*** EXERCISE DATA Section Begins ***

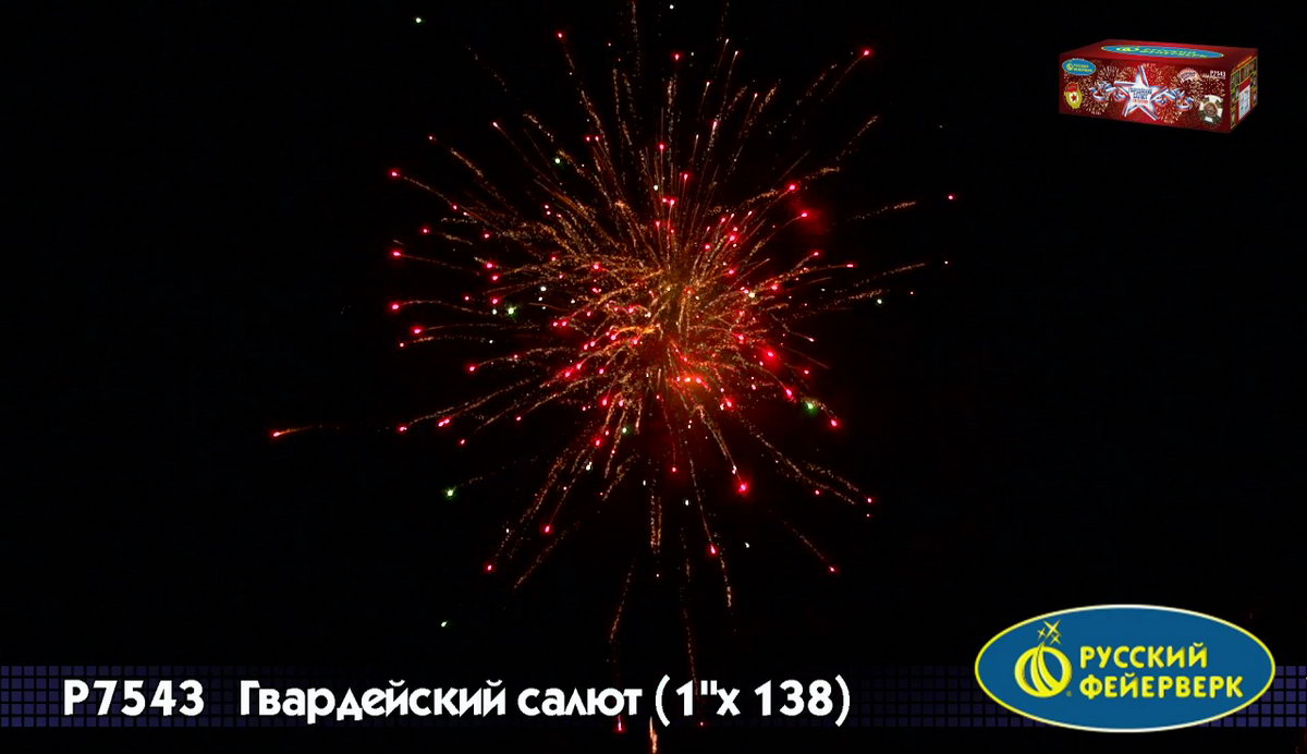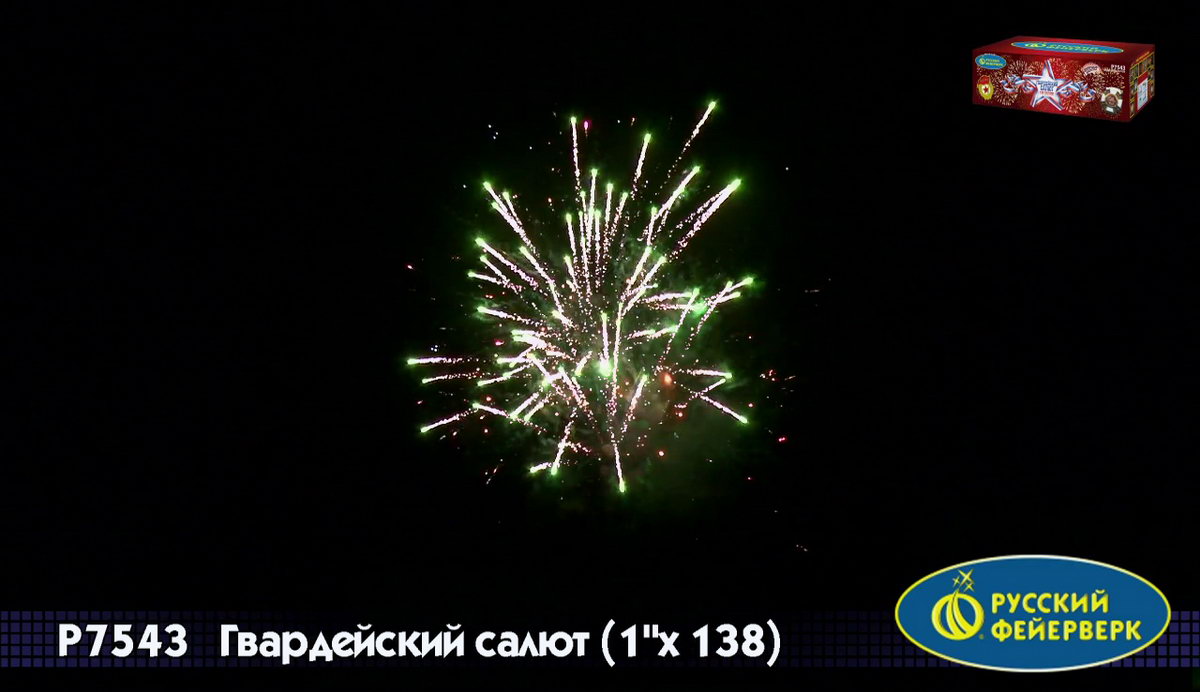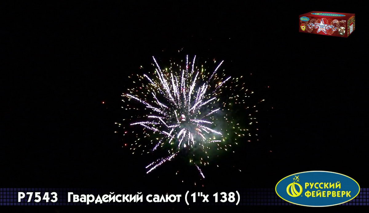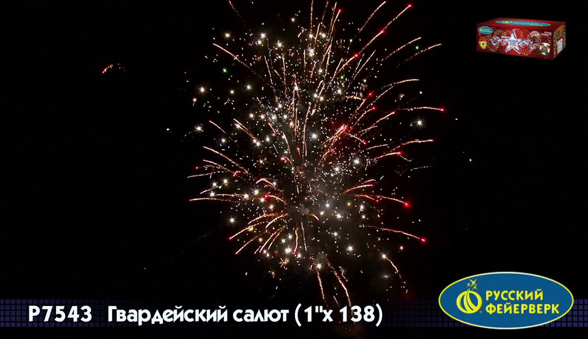 Мужественный представитель гордой и непобедимой русской пиротехники! Наша гвардия не отступает. Залп за залпом, оцените превосходство русской пиротехнической школы. В таких салютах все самое интересное обычно начинается посредине. Приступаем к исполнению. В авангарде выступают зеленые кометы с перламутровыми хвостами и медным сиянием, сиреневые кометы с золотым обрамлением из огней. И так продолжаться будет несколько раз, пока в салют не ворвется самоуверенная огненная пальма со своими медными и золотыми искрами, розовыми и зелеными огнями, она будет доказывать свою правоту несколько залпов, меняя себе пиротехнических спутников. А вот и он, торжественный момент кульминации!!! Веерный салют, да еще какой! По бокам плавно поднимаются розовые кометы с объемными насыщенными огненными шлейфами, а в центре в этот же момент выступает пышная белоснежная сфера с зелеными и красными огоньками. Гвардейскую атаку не остановить! Опять двухъярусный, да еще и веерный салют! Это что-то невероятное! Внизу: перламутровая трава с синими цветами, которые выстреливают в небо свой аромат, но под пути он теряется и превращается в розовых и зеленых рыбок. А потом идут белоснежные хвосты малиновых звезд и мерцания, перламутровые кометы с разноцветными огнями и нежным медным блеском. И опять без приглашения огненная пальма! Затянула свои длинные рассказы, махая при этом листьями и разбрасывая разноцветные огни и трещащие искры. А вот и наши знакомые веера. Опять на месте, опять ее прогнали. И так продолжается до самого финала! Первоклассный, долгий, и запоминающийся - "Гвардейский салют" с мужским характером!
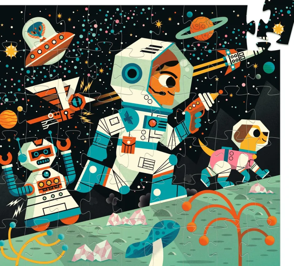 El niño arma un puzle con forma de cenefa para descubrir una estación espacial. Este magnífico puzle de 54 piezas se presenta en una bonita caja con silueta.
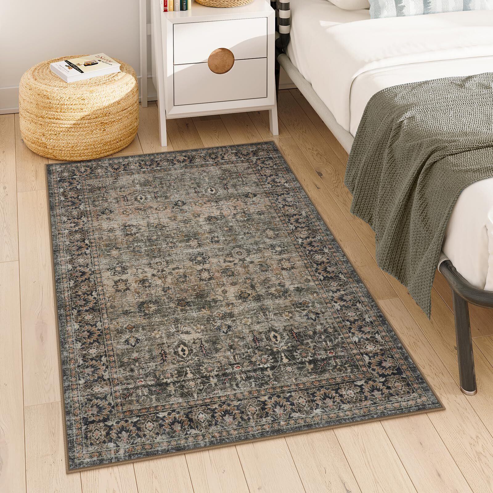HAOCOO ラグ 洗える 120×160cm オールシーズン適用 ペルシャ風 ラグマット 1.5畳 ふわふわ 滑り止め ホットカーペット対応 防ダニ 防臭 軽量 防音 リビング 寝室 デスクマット ダイニングマット チェアマット アンティーク 花柄
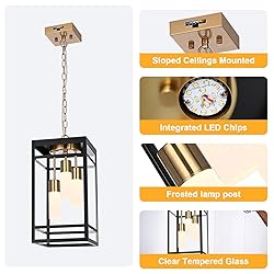 Elegant Industrial Design: Crafted with a black and brushed brass metal frame and clear sleek tempered glass panels, Wanluce LED outdoor pendant light fixtures offers timeless appeal.The clear glass panel shows its frosted white lamp columns, enhances light diffusion, creating captivating ambiance for porches and entryways. Integrated LED Bulbs, 5-Selectable Color Temperatures: Our outdoor chandelier with built-in integrated LED, offers energy-efficient illumination, reduces the hassle of frequent bulb replacement. You can adapt the ambiance instantly from 3000K (cozy) to 6000K (vibrant) via slide 5CCT switch(3500K/4000K/4500K/5000K/6000K). Perfectly set the mood for dinners, security, or festive gatherings with this versatile exterior pendant light. Waterproof & Versatile: Specially design for outdoor durability, the LED outside pendant light fixture with IP44-rated waterproof coating construction withstands rain, snow, rust resistant, ensures years of outdoor reliability, no restriction of where you set it up, ideal for porches, garages, gazebos, foyers, and covered patio. Customizable Hanging Height: Includes adjustable 39" chain/cord for flexible installation. Easily tailor the pendant fixture’s height to suit vaulted ceilings, covered patios, or low-entry gazebos for ideal task and accent lighting. Universal Easy Installation: Includes all hardware and clear instructions. Mounts effortlessly on flat, sloped, or vaulted ceilings in under 30 minutes—no electrician needed. Pre-assembled components save hassle.
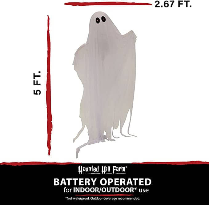 - 5-ft. standing animatronic ghost for indoor and covered outdoor display
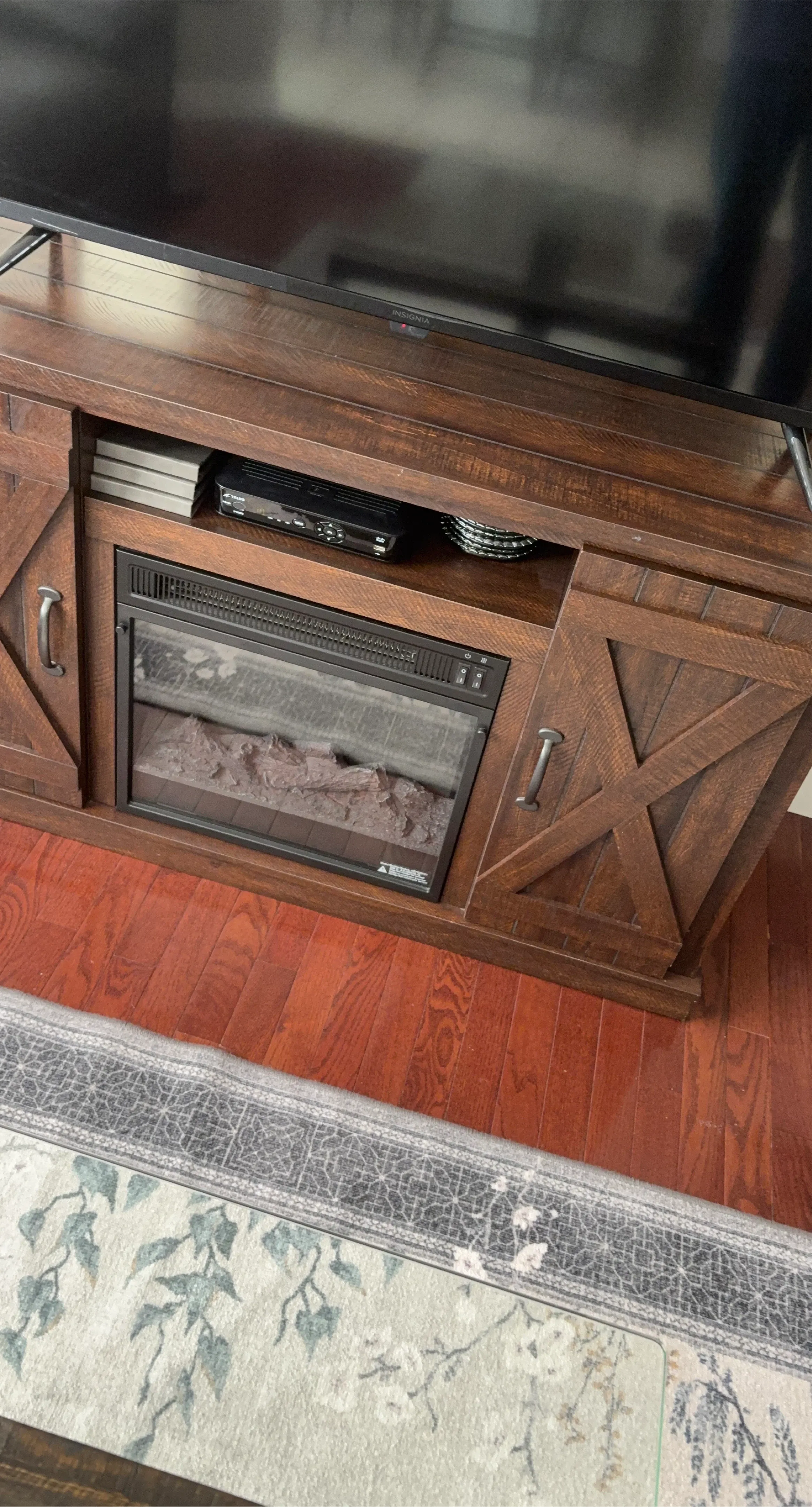 Rustic brown wooden media console featuring an integrated electric fireplace with realistic logs. It has plenty of storage space for media devices and decor. This console will add a cozy ambiance to any living room!

*** EXERCISE DATA Section Ends ***

• **EXERCISE AIM**
Everything from the line with "- 5-ft. standing" through the final line of the material is to be returned exactly, both ends included, apart from the pictures.

• **OUTPUT**
 - 5-ft. standing animatronic ghost for indoor and covered outdoor display
 Rustic brown wooden media console featuring an integrated electric fireplace with realistic logs. It has plenty of storage space for media devices and decor. This console will add a cozy ambiance to any living room!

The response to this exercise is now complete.